Abstract

Androgenetic alopecia (AGA) manifests as progressive hair follicle (HF) miniaturization; however, its drivers remain poorly elucidated. Combining spatial and single-cell transcriptomics, we generate a concise single-cell atlas of anagen HFs in male AGA, revealing early changes in cell subpopulations, altered HF stem cell fate determination, and disrupted cell-cell communications. Through ex vivo HF organ culture and humanized mouse models, we demonstrate that hypercontractility of connective tissue sheath (CTS) activates the mechanosensitive channel PIEZO1 in anagen HFs.

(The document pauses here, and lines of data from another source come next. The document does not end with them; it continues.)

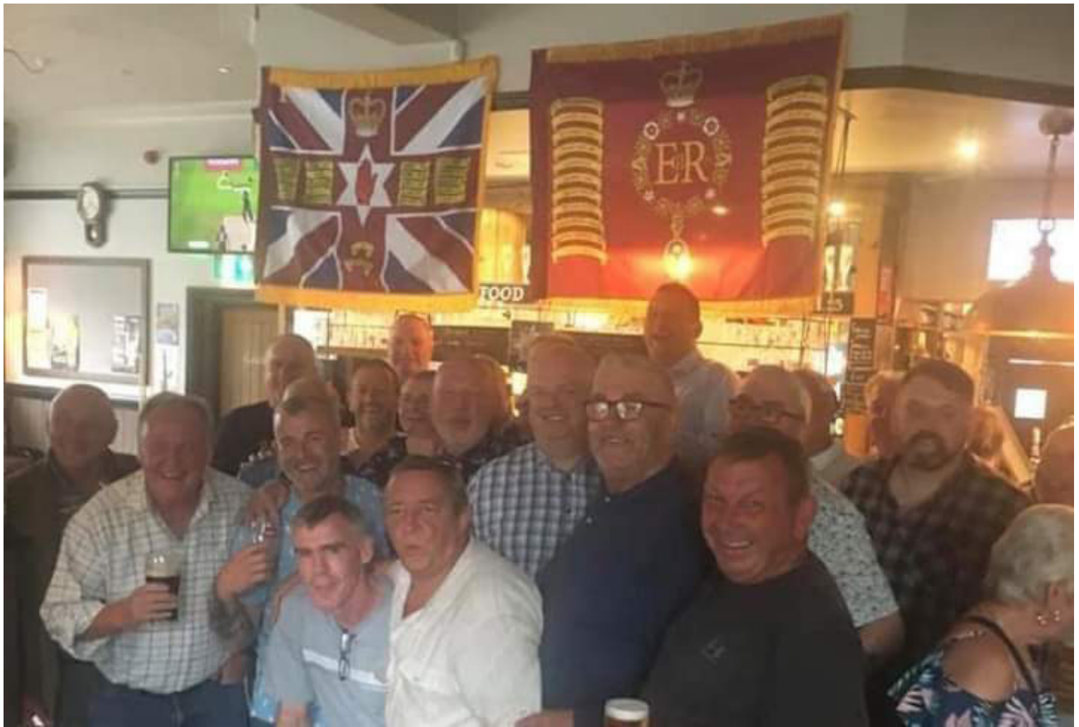
Bury Away Day 2019
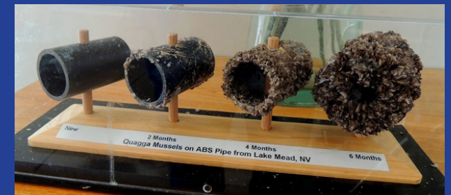
Quagga Mussels on ABS pipe from Lake Mead, NV.

Thanks for being a responsible boater, have a safe and enjoyable season!
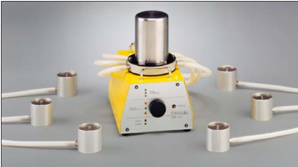
Aerosol Distribution and Dilution System ADD 536

Hospital operating rooms are specially designed to avoid contaminations and therefore additional infections of patients during operations. To assure a low level of particle contaminations a laminar air flow is applied to the operating table. To verify the retention efficiency of this flow regime a verification with a defined test aerosol is required according to the standards DIN 1946-4 and SWKI 99-3. For that reason a total particle rate of 6.3 \cdot 10^7 P/min has to be distributed to six different positions and emitted with a reliable long term stability. From the standards it is also required that this total particle rate is continuously monitored and controlled by a particle counter. The Topas Aerosol Distribution and Dilution system ADD 536 meets all these required demands for providing a defined test aerosol with the following features:
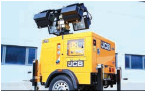
A range of high performance mobile light solutions provide efficient light anywhere.
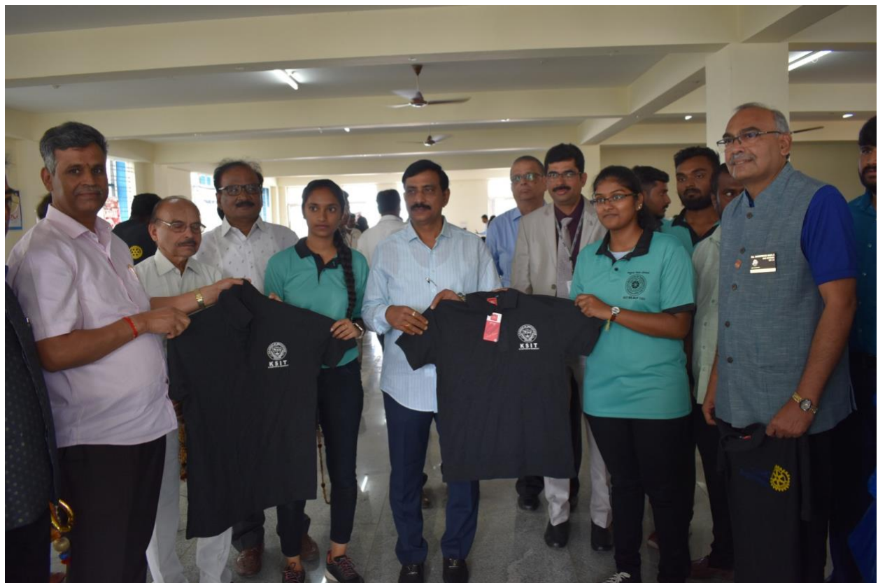
Chief Guest distributing Rotary Club T-Shirts to the Volunteers
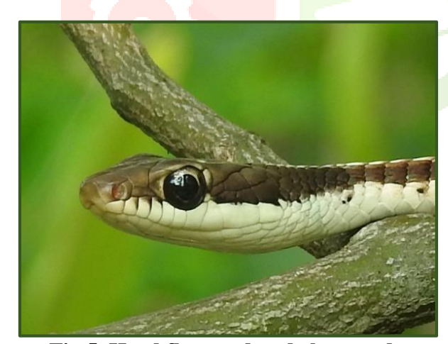
Fig 5. Head flattened and elongated
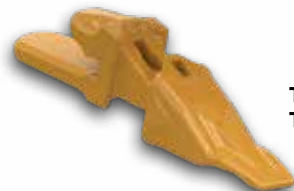
Top Pin Tooth & Adapter
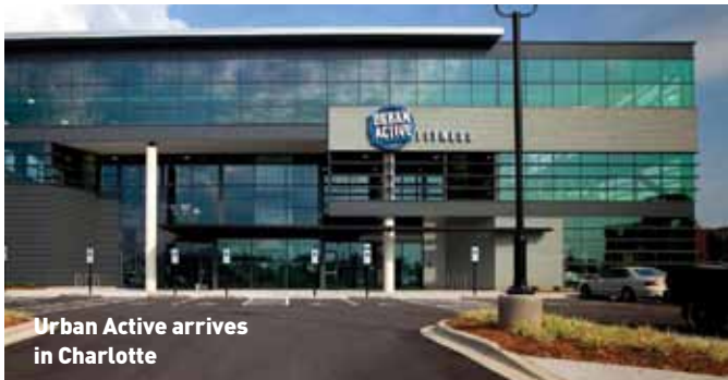
Urban Active arrives in Charlotte

Urban Active Fitness, a rapidly growing chain of full-service fitness centers, recently opened its 42,000-square-foot Ballantyne club in Charlotte, North Carolina, its first in that state. The new $13-million, three-story fitness facility features an indoor swimming pool, elevated running track, racquetball courts, supervised children's play area, and more than 115 pieces of cardiovascular and strength-training equipment.
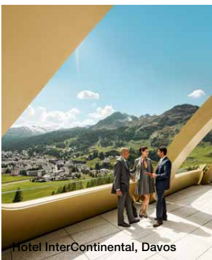
Hotel InterContinental, Davos
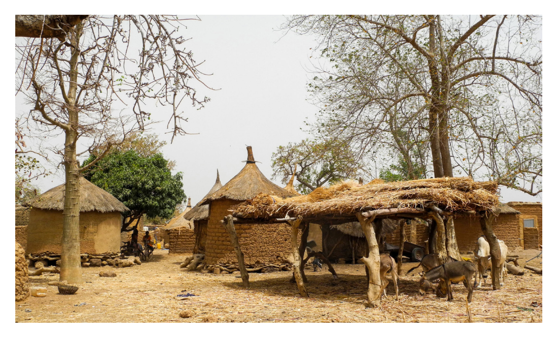
Village in Gourcy province, Burkina Faso that has benefitted from dryland restoration..

decide to invest their scarce resources in restoring the productivity of their land, restoration of African drylands will remain an unrealized ambition – just a dream. For example, it is essential to communicate that investing local labour in FMNR, planting pits, half-moons or contour stone bunds can yield significant benefits from as soon as the first and second year, with increased crop yields and firewood and leaves for fodder or to enrich the soil from thinning and pruning emerging saplings.
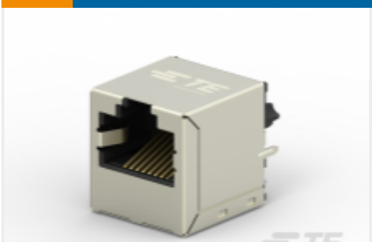
TE Part #5-2301995-1 RJ45 JACK INT.MAG. 1GB 1X1 VERT.
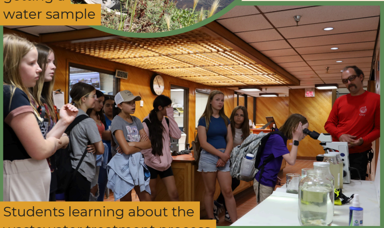
Students learning about the wastewater treatment process
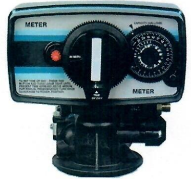
5600 Meter Control
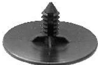
15456 (20064875) Black Nylon Hood Insulation Retainer GM 1980-On UNIT PACKAGE: 25
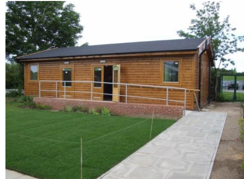
Fig. 22. Wooden House

Wood, one of the most readily available natural materials other than mud has been used extensively in Africa and many part of the World for centuries for almost all elements of its built environment of any nature scale of Complexities. The range of the methods of using wood, for a variety of building elements with simple as well as complex joinery details, in any historic settlement of these regions reflect the ingenuity of local craft persons in understanding wood as material. "Fig. 22" shows a modern design wooden/timber framed house.
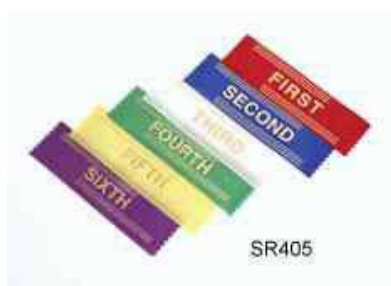
G2-1801 Stock Ribbons

1 - $0.70 ea 100 - $0.57 ea available in 1st - 12th Place & Participant
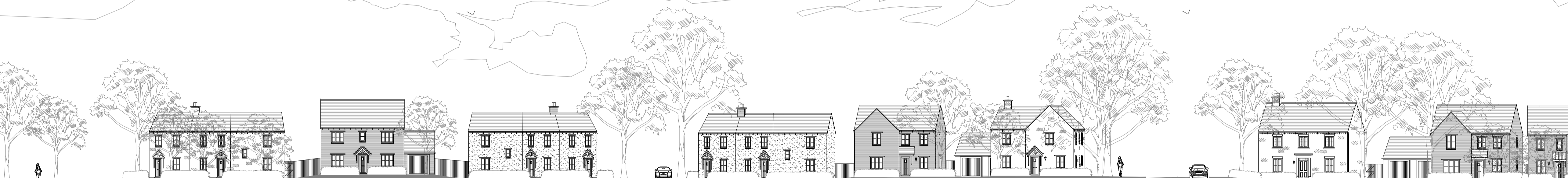
Street Scene F2
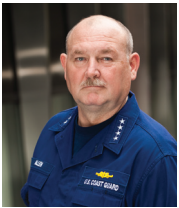
Admiral Thad W. Allen, Coast Guard Commandant (Retired)

“We live in a world of dynamic threats and hazards and must adapt accordingly. We will not change for change’s sake but purposefully, with strategic intent and always focused on our first priority and duty to the nation: mission execution.”
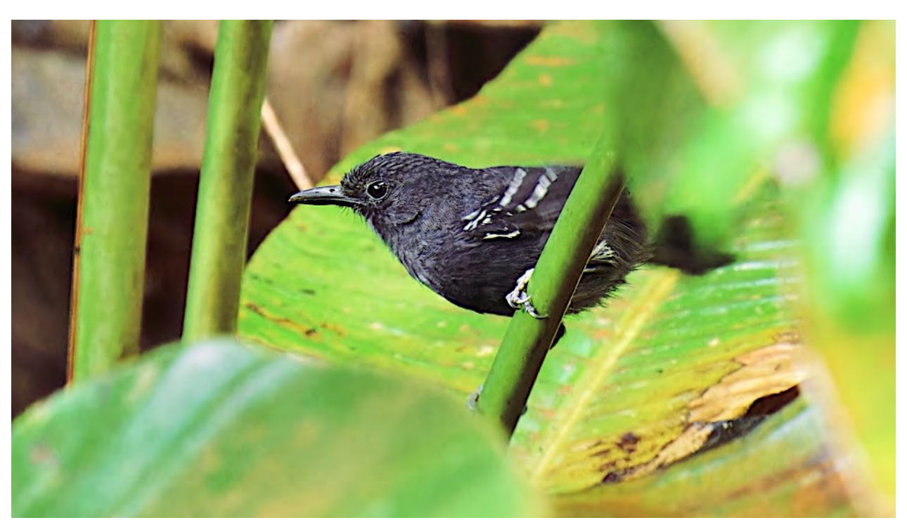
Rio Branco Antbird is a specialty we'll look for along the Ireng River. This species has a very small range and can be difficult to locate, but we've have had success in recent years.

Once we arrive at Manari Ranch, near the outskirts of Lethem, we'll settle into our rooms in two wings extending from the main ranch house. Each room has its own en-suite bathroom, the property has 24-hour electricity, and wi-fi is available in the main building. Depending on our arrival time, there may be enough daylight to check the grounds around the lodge for Ferruginous Pygmy-Owl, Rufous-tailed Jacamar, Venezuelan Troupial and Hooded Tanager. Night at Manari Ranch.
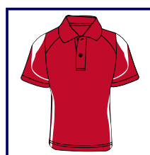
CODE: CW3 MENS RED/WHITE
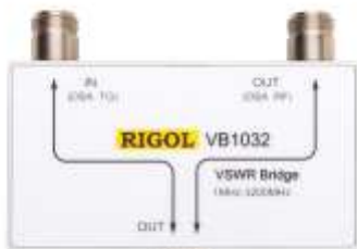
VB1032 VSWR Bridge
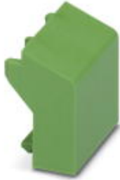
Filler plugs, for unoccupied terminal points

Please be informed that the data shown in this PDF Document is generated from our Online Catalog. Please find the complete data in the user's documentation. Our General Terms of Use for Downloads are valid ( http://download.phoenixcontact.com )
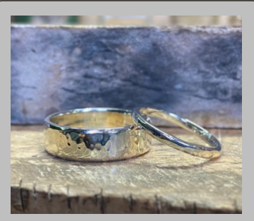
9K White Gold
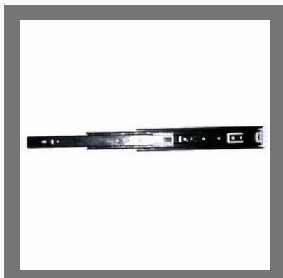
Telescopic Channel Medium Extra Heavy
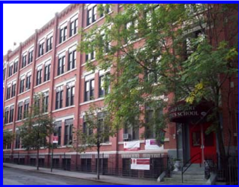
Sacred Heart of Jesus School
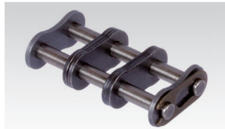
No. 11/E: Connecting Link with Spring Clip
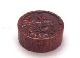
Title: Small Round Box Date: 18th century Primary Maker: China Medium: wood with carved red lacquer with peony on ground of chrysanthemum design
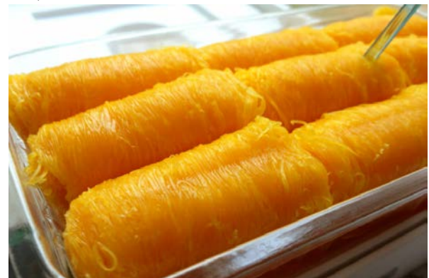
Fig. 1 Foy Tong (Sweet Shredded Egg Yolk)

they are small soft colorful Thai dessert but auspicious desserts are made from pure egg yolks. When they are cooked, they become golden soft desserts. They will be used for various occasion such as Thai wedding, auspicious festivals, making merit, Thai Buddhism rituals, etc. which are related to Thai way of lives. Thai desserts are the most popular for various auspicious events. Because Thai people believe that golden color stands for an auspicious meaning to their lives. Their making merit use Thai desserts for the ceremonies. The auspicious Thai desserts are delicious golden desserts which are various meaning such as meaning to be successful, prosperous, and wealthy. Each Thai dessert has its meaning which is a different meaning such as Tong Yip means whatever you touch or pick up, it is turned to wealth and Thong Ake means a good one in life. It is meaningful for bride and groom because it means faithful. This reason, the English language communication becomes very important at Amphawa Floating Market in Samut Songkram province for tourism. Studying the identities of Cultural Art: Thai Desserts in the English language made foreign tourists understand the identity of Cultural Art: Thai Desserts in Thailand better for visiting at Amphawa Floating Market in Samut Songkram province, Thailand.
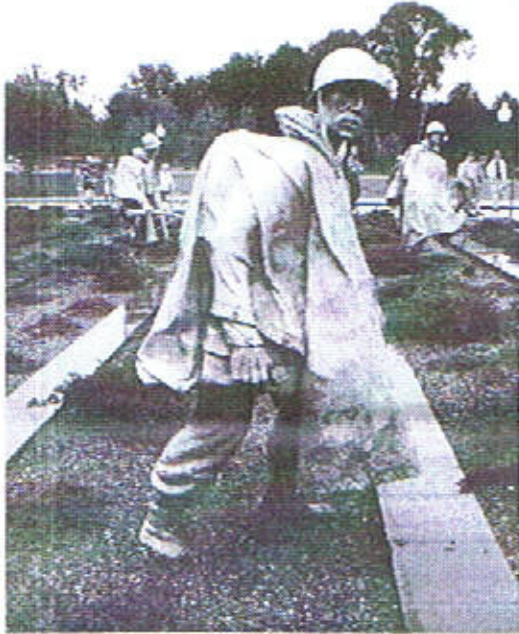
Korean War Memorial
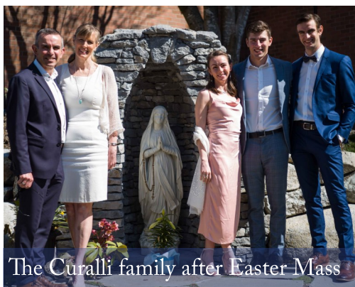
The Curalli family after Easter Mass
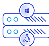
Linux & Windows Servers
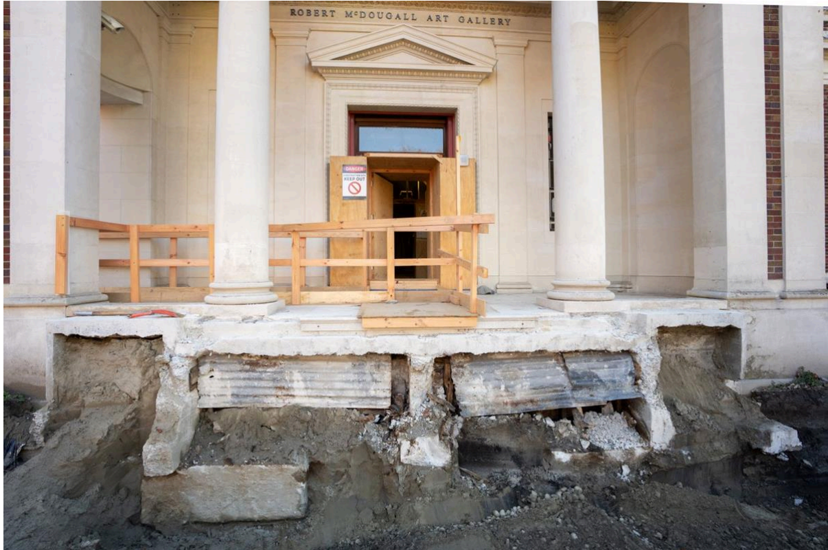
Contractors are preparing to demolish and excavate out the old Robert McDougall Gallery basement.

This mechanotransduction induces ectopic apoptosis of HF progenitor cells and suppresses matrix/ORS cell proliferation, depleting progenitor pools and impairing HF growth, thereby driving progressive miniaturization. Critically, pharmacological inhibition of CTS contraction via ML-7, a selective myosin light chain kinase (MLCK) inhibitor, improves HF growth in both male AGA patient-derived ex vivo models and humanized mice. Our study delineates the cellular dynamics underlying male AGA pathogenesis and identifies mechanopathologically activated CTS as a key driver of HF miniaturization, positioning the peri-follicular CTS as a promising therapeutic target for AGA intervention.